The UK’s generational tobacco ban might not work. I’m supporting it anyway.

As the parent of two little girls, I often think about how their childhood is different from mine. The seven-year-old is learning about AI at school. The five-year-old is given internet-based homework every week. And they are both absolutely repulsed by the idea of smoking.

That was not the prevailing sentiment when I was young. My parents smoked. The customers at our family’s restaurant smoked. Cartoon characters smoked. My friends and I would buy little cigarette-box-shaped packets of sugary white sticks and pretend to smoke in the playground. Smoking was a central part of our culture.

Which is why the UK’s recent passing of a generational sales ban on tobacco products feels like such a big deal.

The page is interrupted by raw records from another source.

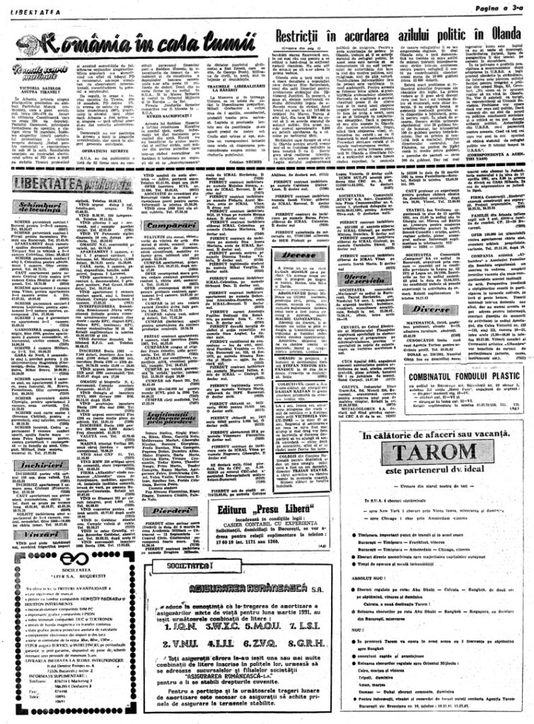Ziarul Libertatea din 2 aprilie 1991 pag. a 3-a ▼ Click pe imagine pentru mărire
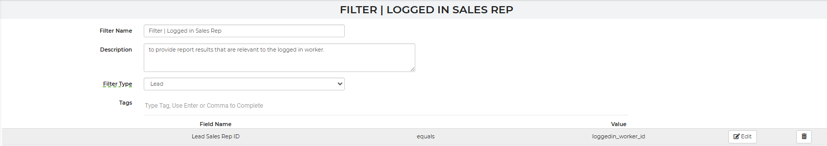 When a sales rep views the report from their worker account, the system will compare their name against leads' sales rep field to only show their results.
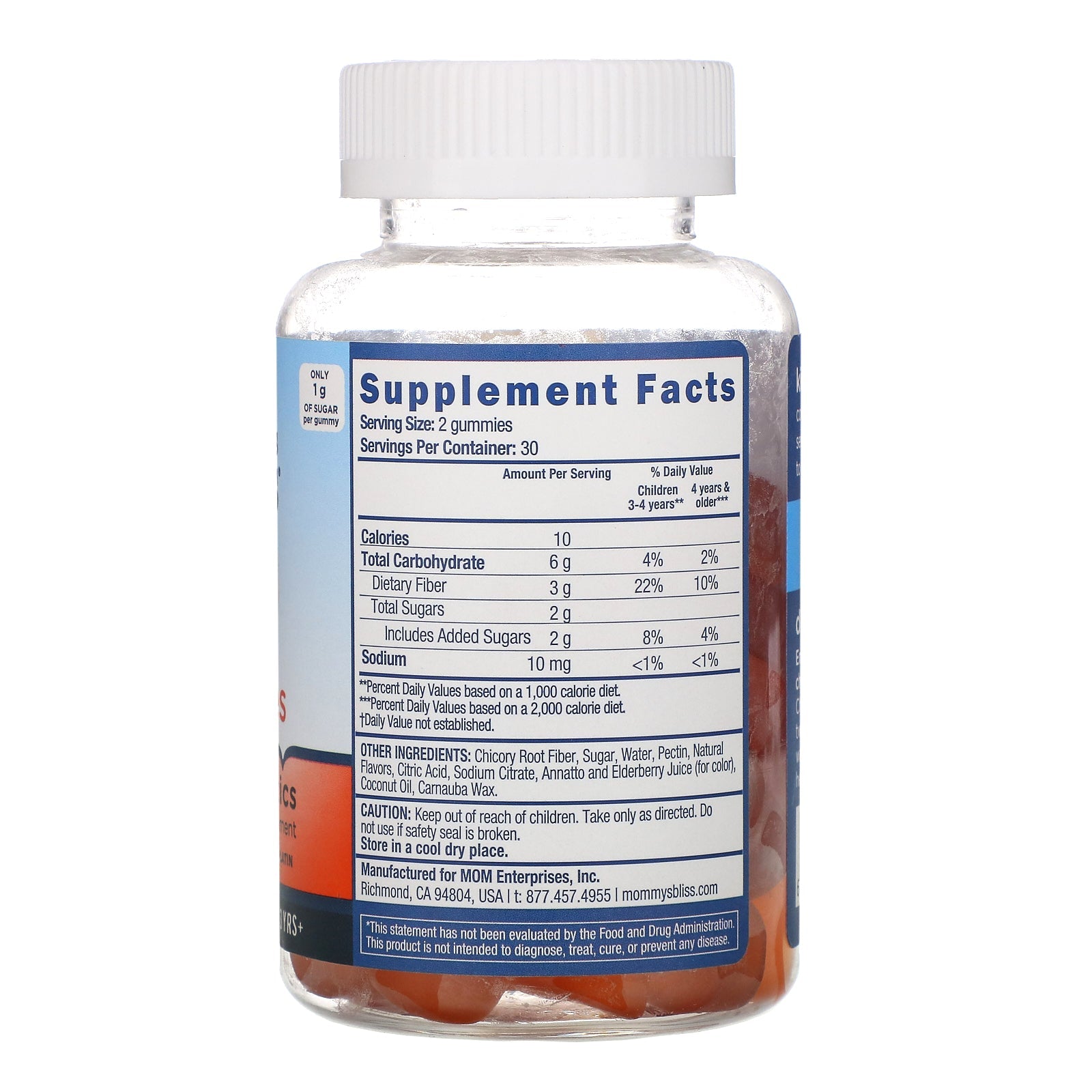 Mommy's Bliss, Kids Fiber Gummies + Prebiotics, Kids 3 Years+, Orange and Berry , 60 Gummies
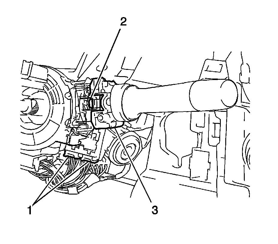 1. Engage the claw (2) and install the windshield wiper switch (3) to the steering column.
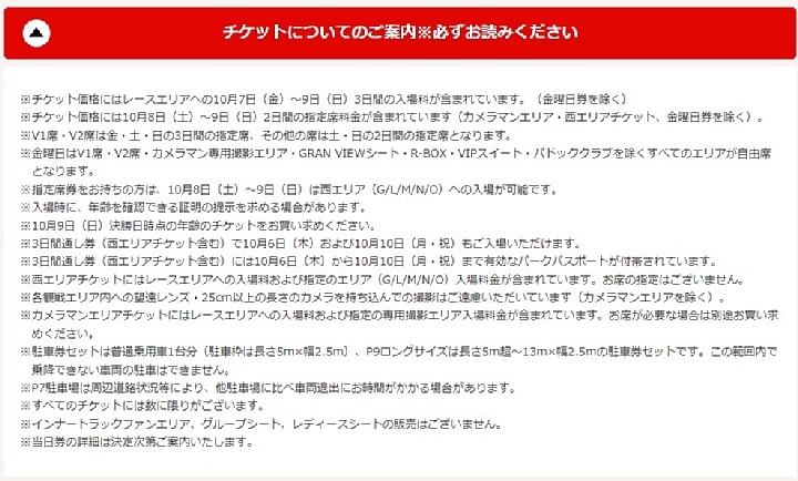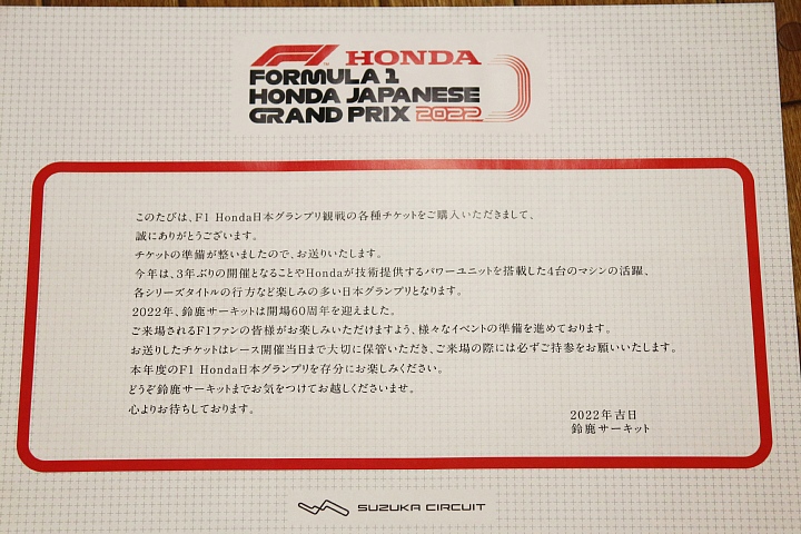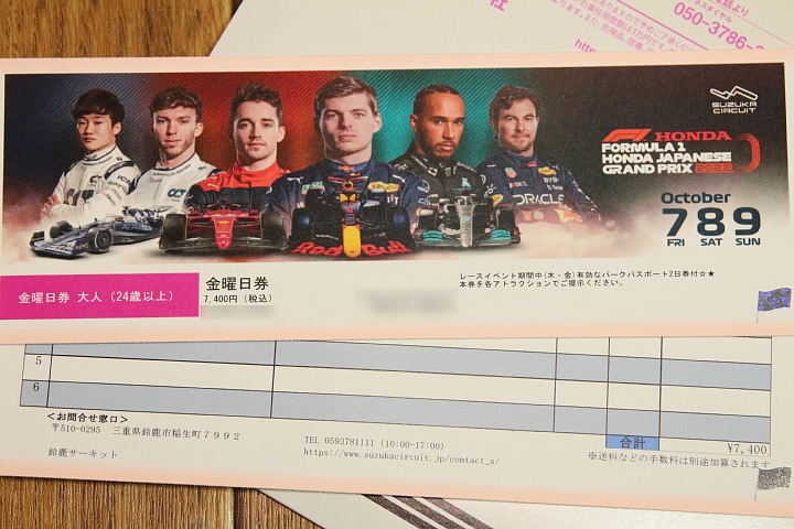 年々値上がりしている金曜日券。今年は7,400円也。ローチケの店頭印刷チケットは味気ないなぁと思い、今回はサーキットの公式サイトから購入。ドライバーがデザインされていて大正解。
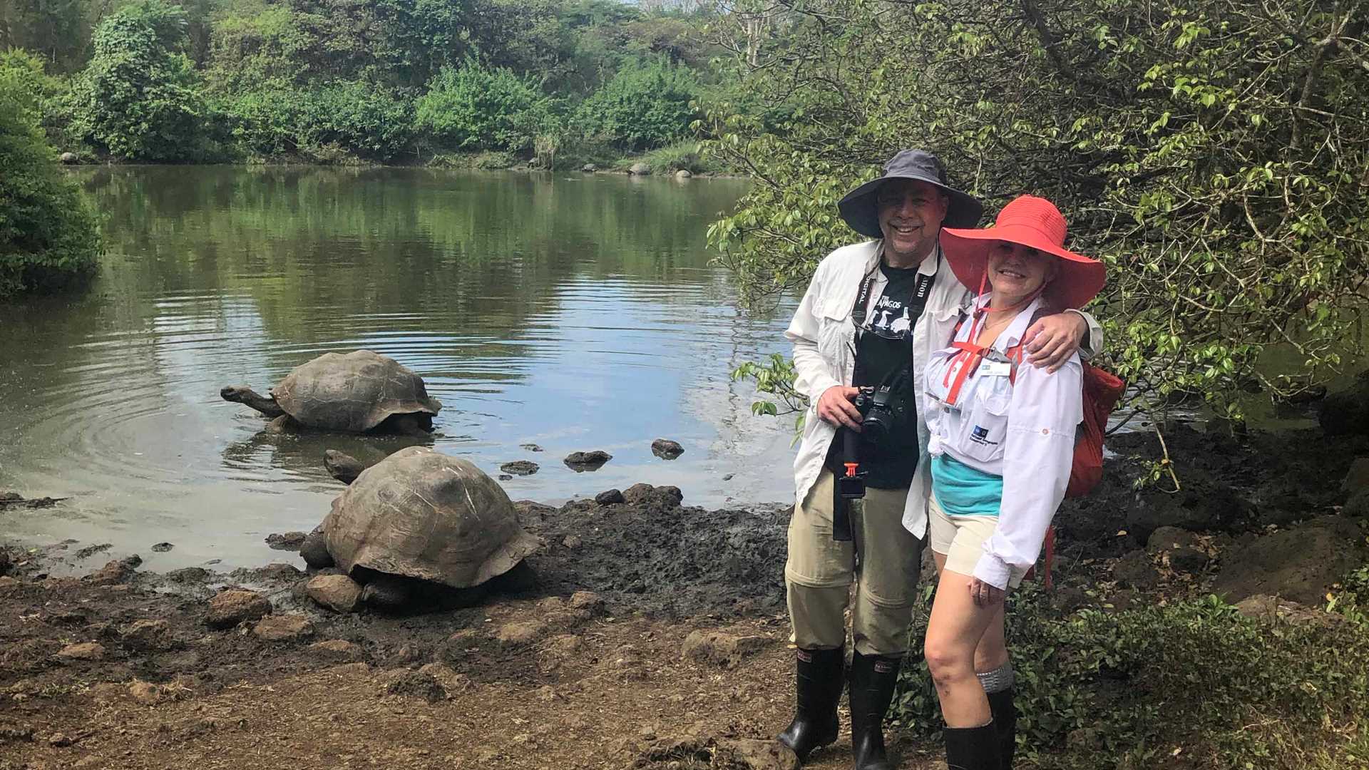 We spent the day exploring Santa Cruz Island. Guests disembarked in the morning to visit a ranch in the highlands of Santa Cruz where we encountered the Galapagos giant tortoise. We were quite lucky on this day, as we observed many giant tortoises of varying ages. The freshwater pond where these giants tend to aggregate was teeming with life; we counted at least 25 tortoises there alone! Giant tortoises are considered bioengineers; by virtue of their natural history, they alter their environment. They graze upon their favorite plants and drop seeds across the landscape—these seeds are perfectly ready for germination, nestled in a little bundle of high nutrient fertilizer. The Santa Cruz giant tortoise exhibits a dome-shaped carapace, an advantageous adaptation for plowing through the dense vegetation of an island with significant precipitation.
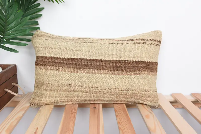 Beige & braun gestreiftes Wurfkissen, besticktes Vintage-Kissen
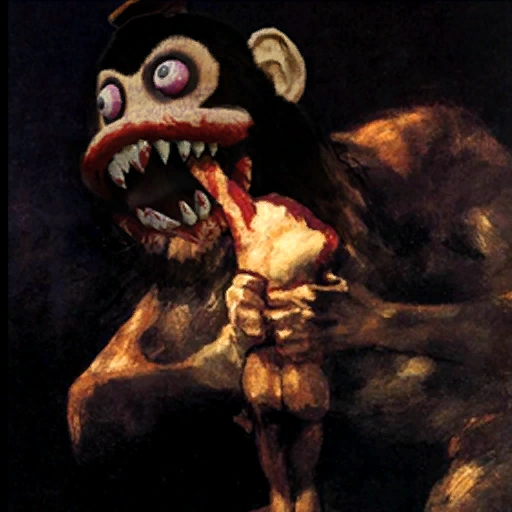 Much like their fellow monsters in the Dark Dimension, the Monkeys are unwaveringly loyal to Malak, aiding the demon lord in his endeavour to protect the ring pieces and keep his might eternal. It is likely that the Chef Monkeys are the immediate superiors of the Murder Monkeys, being more sadistic, deranged, and bloodthirsty than the rest. As chefs, it is possible that they are cannibals in real life, using their expertise in their new form to share the joy of feasting on their victims with the other monkeys. A painting showing a Murder Monkey's face superimposed on "Saturn Devouring His Son" is likely meant to showcase their cannibalistic tendencies.
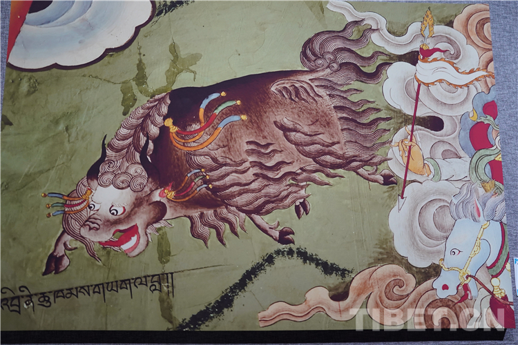 牦牛走進了藏族人民的生活,在幾千年的相處中,牦牛升華成任何一種事物和元素,完美融入了壁畫、唐卡、建筑等多種藝術創(chuàng)作中。
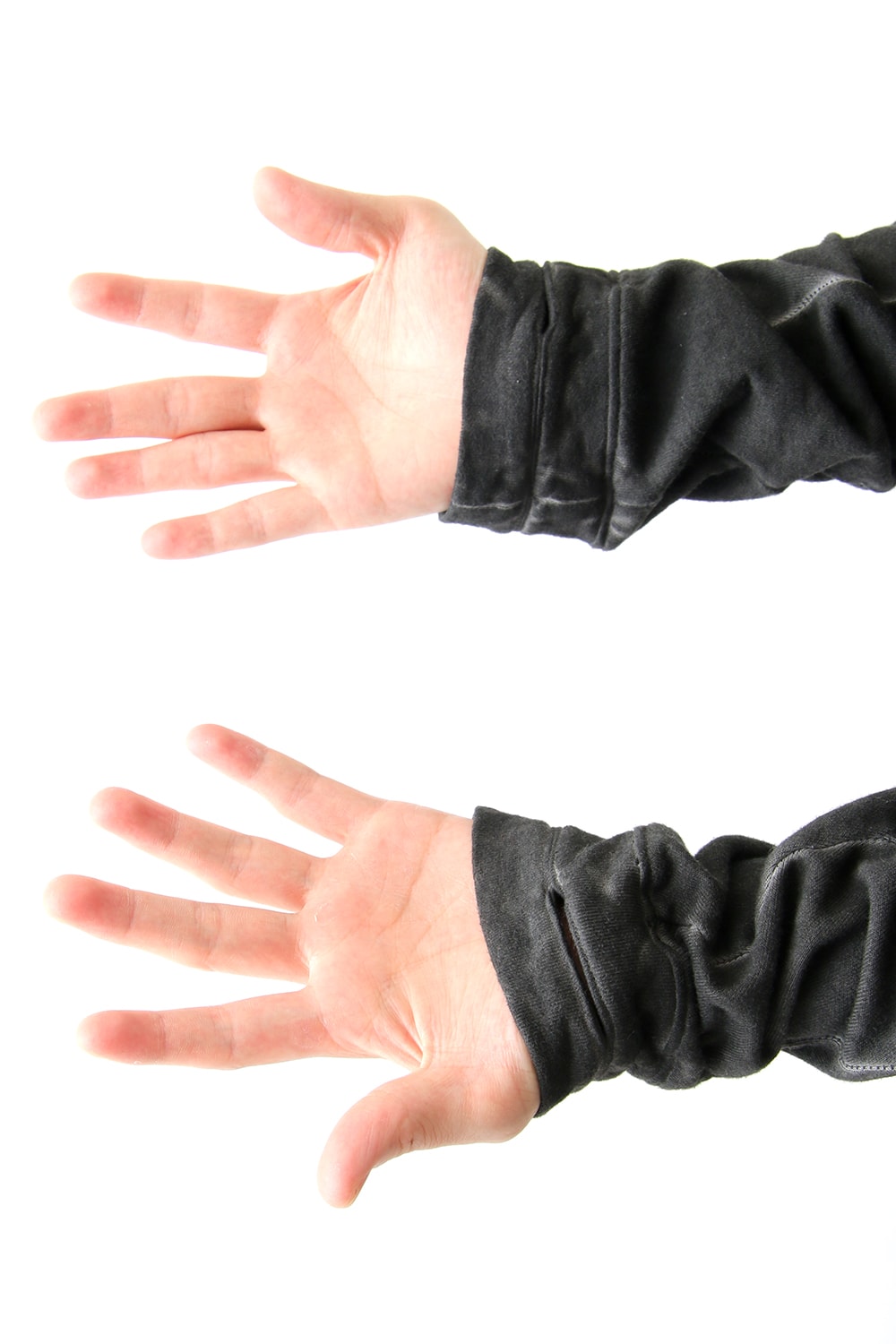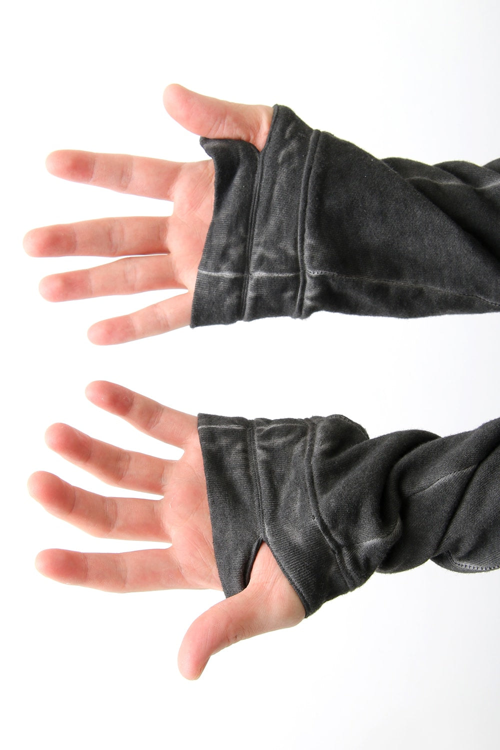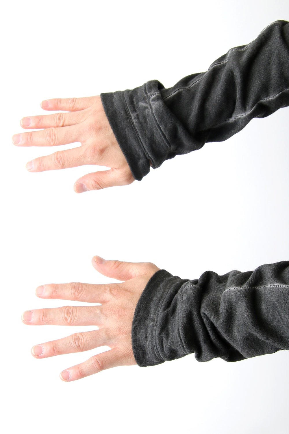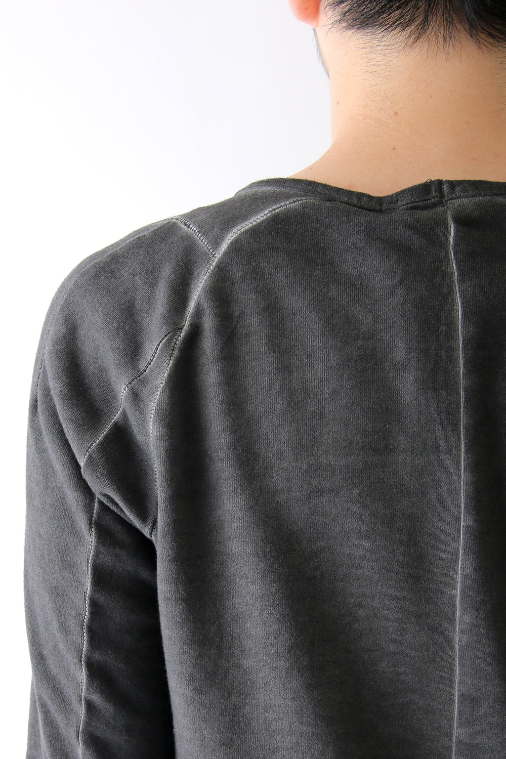 Although it is a basic long sleeve t-shirt, it has some characteristic patterns with the raglan and beautifully curved darts sleeves as well as SADDAM TEISSY's pattern technology. Sleeve parts are sewn by each eye-locking lock. Hidden thumbholes are attached to cuffs. Processing was by special product dyeing that draws a sense of unevenness and decadent expression
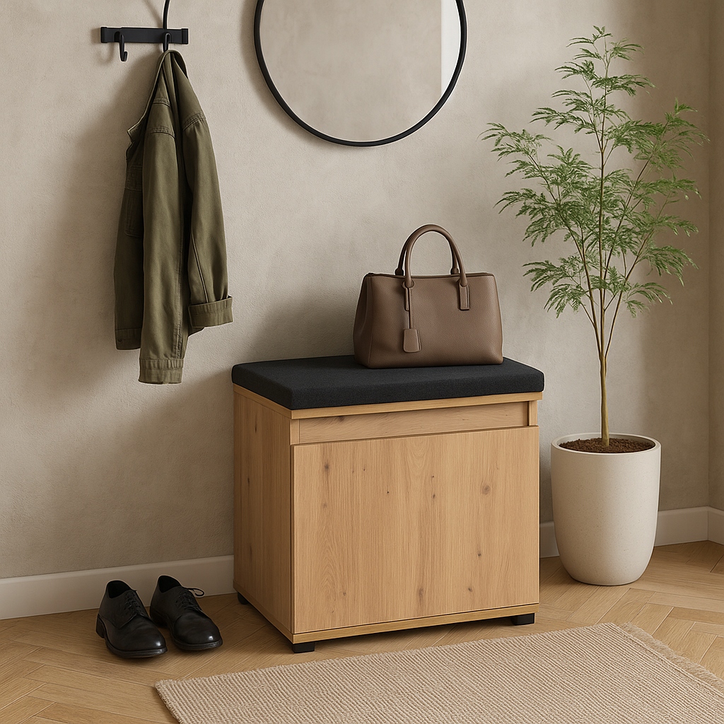Oczywiście – półki pomieszczą kilka par obuwia, a schowek pod tapicerowanym siedziskiem świetnie sprawdzi się na drobiazgi i akcesoria.
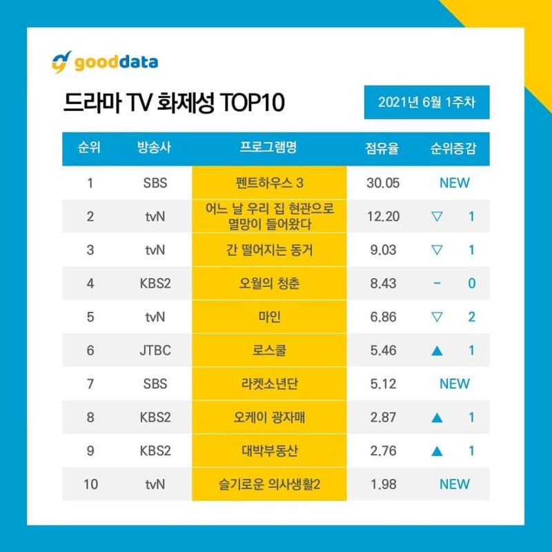 10 อันดับละครเกาหลีที่ได้รับความนิยมมากที่สุดในสัปดาห์แรกของเดือนมิถุนายน มีดังนี้:
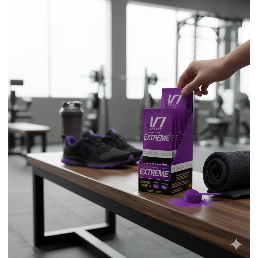Caixa Pré Treino V7 Extreme Sabor Açai Sache 10 Em 10G Cada - V7 ENERGY
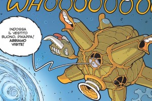 Il pericolo che Pikappa si trova ad affrontare, o in altre parole la trama della storia, ci viene spiegata in questo primo episodio: Artibani la costruisce in piena continuità, andando a prendere la maggior parte di quelle trame lasciate in sospeso in PKNA e tirando fuori personaggi che erano apparsi in un’unico numero svariati anni fa (chi si ricorda di Nebula Faraday?). Per l’occasione, vengono uniti per la prima volta i due grandi filoni della narrativa pikappica, cioè quello dei viaggi nel tempo e quello degli alieni (tradotto, vediamo Razziatore ed Evroniani nella stessa storia). E’ comunque evidente che siamo di fronte ad una trama strutturata con maestria, nel pieno rispetto di tutto quello che PK ha raccontato finora…e solo chi si è occupato del progetto fin dai suoi inizi poteva riuscirci.

As part of the Tobacco and Vapes Act 2026, retailers are prohibited from selling tobacco products to anyone born after January 1, 2009, in perpetuity. It doesn’t matter when those people turn 18—or 38 or 68, for that matter. It will always be illegal to sell to anyone born after that date.

This is what’s described as an “endgame” approach. While many tobacco control strategies—such as taxation or gory imagery—aim to reduce consumption, policies like the UK’s are designed to eliminate it entirely. It’s a new approach, and no one knows whether it will work.

The Maldives was the first country to implement a generational smoking ban, in November last year. It’s too soon to say how that has panned out.

Nor do we know if these laws will even last. In 2022, New Zealand passed a similar generational sales ban as part of a broader anti-smoking law. But it was never enacted—the law was repealed by a new government in February 2024.

In the UK, both major parties support the ban. But Nigel Farage, whose right-wing party has seen a recent surge in support, has promised that “the generational smoking ban will not last long if Reform gets the chance to start rebuilding our mismanaged country.”

Chris Bostic, an attorney and former policy director for the advocacy group Action on Smoking and Health, says he and his colleagues began promoting the idea of a generational ban in the United States 11 years ago. Back then, they struggled to win support, even from major health charities. “People said we were crazy … [and] that this was impossible,” he says. Opponents argued that bans would infringe on personal freedoms.

“The public health argument is: Well, what about freedom from addiction?” says Britta Matthes, a tobacco control researcher at the University of Bath in the UK. Most people who smoke began when they were teenagers, want to quit, and wish they’d never started. Tobacco is arguably the most harmful consumer product of all time. It will kill half its users who don’t quit, according to the World Health Organization.

It also kills people who don’t smoke. Of the 7 million who die from tobacco every year, 1.6 million are nonsmokers who were exposed to secondhand smoke, according to the WHO.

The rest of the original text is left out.